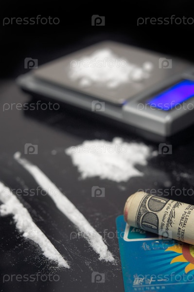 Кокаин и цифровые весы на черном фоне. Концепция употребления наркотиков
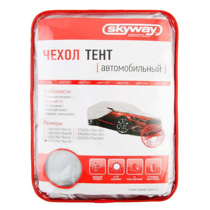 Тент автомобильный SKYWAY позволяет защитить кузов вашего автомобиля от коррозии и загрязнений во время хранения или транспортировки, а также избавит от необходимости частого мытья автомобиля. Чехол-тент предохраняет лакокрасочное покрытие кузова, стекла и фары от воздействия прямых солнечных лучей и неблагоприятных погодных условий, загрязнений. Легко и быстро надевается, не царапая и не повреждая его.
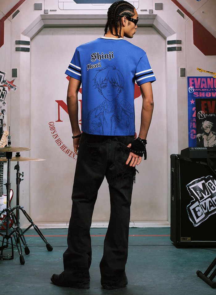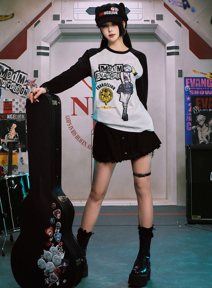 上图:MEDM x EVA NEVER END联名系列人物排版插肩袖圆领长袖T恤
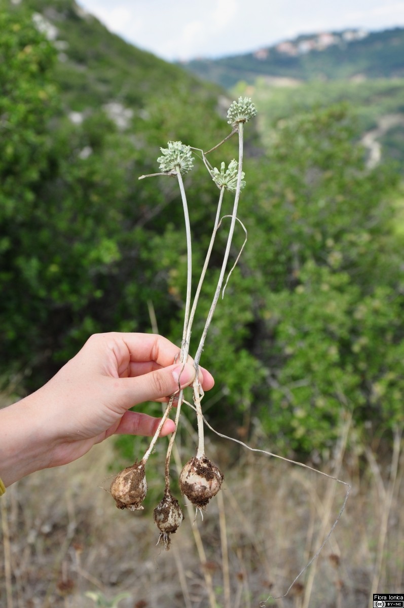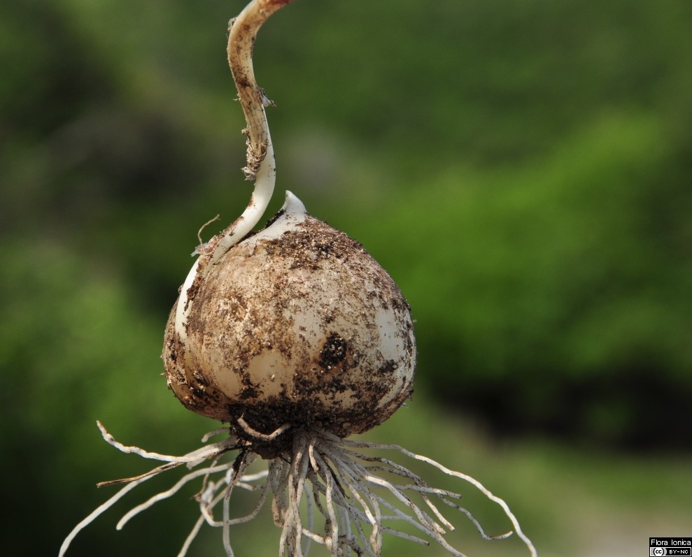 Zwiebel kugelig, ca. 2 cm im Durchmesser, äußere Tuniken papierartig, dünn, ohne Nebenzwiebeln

* * *

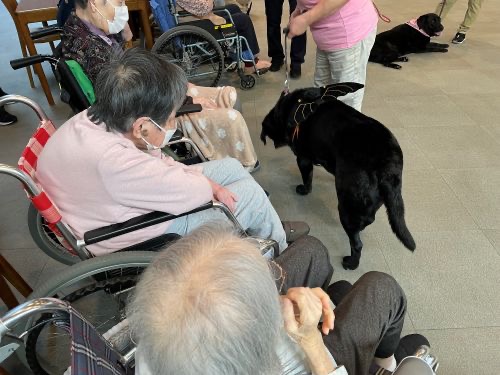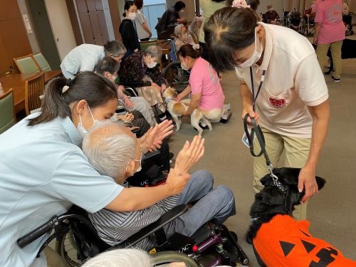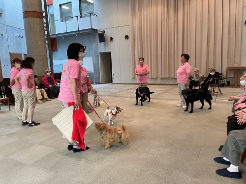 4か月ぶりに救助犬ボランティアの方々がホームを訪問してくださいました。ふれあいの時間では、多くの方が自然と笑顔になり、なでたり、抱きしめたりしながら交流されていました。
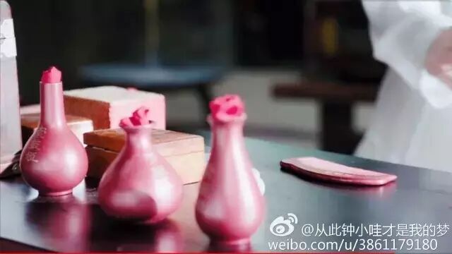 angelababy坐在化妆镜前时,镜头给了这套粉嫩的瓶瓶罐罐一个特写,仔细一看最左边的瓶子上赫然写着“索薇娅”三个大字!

WORK INSTRUCTION =>
Here the job is to copy the listing above word for word, starting at the line with "Кокаин и цифровые" and ending at the line with "Тент автомобильный SKYWAY", and to leave out the pictures.

RESPONSE TO THE EXERCISE =>
 Кокаин и цифровые весы на черном фоне. Концепция употребления наркотиков
 Тент автомобильный SKYWAY позволяет защитить кузов вашего автомобиля от коррозии и загрязнений во время хранения или транспортировки, а также избавит от необходимости частого мытья автомобиля. Чехол-тент предохраняет лакокрасочное покрытие кузова, стекла и фары от воздействия прямых солнечных лучей и неблагоприятных погодных условий, загрязнений. Легко и быстро надевается, не царапая и не повреждая его.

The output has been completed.